One promising technology, known as “biodigesters,” can help too. Biodigesters are essentially underground concrete chambers filled with wood chips that mimic the work done by wetlands to convert nitrates into nitrogen gas, a harmless substance that makes up most of the world’s atmosphere. Water from pipes passes through the biodigesters, each of which is about the size of a small basement. Microbes in the wood chips break down the nitrates before the water moves through.
But there are drawbacks. “Innovations like this are really expensive to construct and install, and they take some management,” Hershner says. “It’s not that you put it in and never think about it again.”
Then there is the problem of scale. The federal grant will pay for demonstration projects, but that doesn’t go very far. Roger Wolf, who runs the environmental programs at the Iowa Soybean Association, says stemming the flow of nitrates downstream would take somewhere around 180,000 biodigesters in Iowa; the soybean association, viewed as a leader in the area, currently helps run 26.
Many activists believe farmers could reduce pollution by either using less fertilizer or using it in a more environmentally friendly way, but Wolf says that won’t be nearly enough to solve the problem. “You’re not going to reach these goals by tweaking fertilizer management,” he says. “I think that’s difficult for people to understand.” A full solution of the nitrate problem would require financial resources that neither the federal nor the state government seems ready to provide, plus coordination among the state’s 90,000 farmers, 300,000 landlords and 3,000 drainage districts.

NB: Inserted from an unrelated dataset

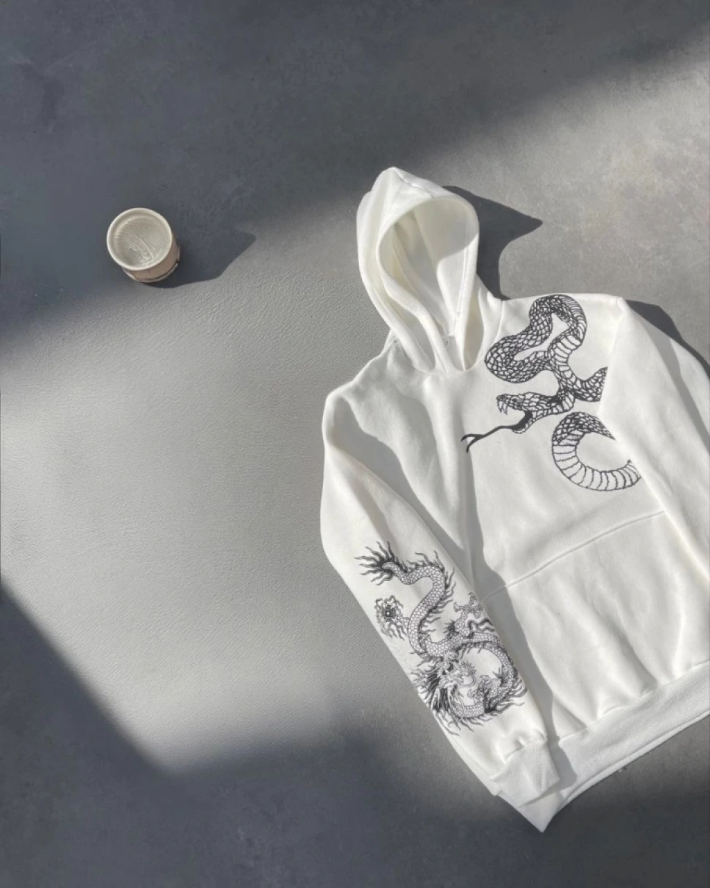 Uzun Kol Kapşonlu Baskılı SweatShirt - Beyaz

The collaborative approach pioneered by Cedar Rapids may also be too late for Des Moines. Because of differences in its geography, economy and water supply, Cedar Rapids can afford to be patient. In fact, Cedar Rapids has no system for filtering nitrates from its drinking water, because it hasn’t ever needed one. Its goal in working with farmers is to make sure it won’t ever have to build one.

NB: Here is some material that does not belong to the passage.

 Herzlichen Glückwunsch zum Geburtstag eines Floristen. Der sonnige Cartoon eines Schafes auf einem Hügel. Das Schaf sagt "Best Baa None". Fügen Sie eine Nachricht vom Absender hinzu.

But statewide, Des Moines’ aggressive approach is winning in the court of public opinion. A February poll by The Des Moines Register found 63 percent of Iowans backed the utility as it prepared its lawsuit. Support was strongest among urban residents, but even in rural areas, residents were evenly split.
Hamilton, the Drake law professor, says the lawsuit highlights the public’s growing frustration over water quality. “People are saying this isn’t a new issue,” he says. “We’ve been dealing with water quality issues in Iowa for generations. I think it’s fair to say the public is growing weary of claims that all we need is more time and voluntary measures will get us there, because there’s no evidence to support that.”
CORRECTION: A previous version of this article credited the third photo to Ryan Donnell. The photo was actually taken by Joe Murphy.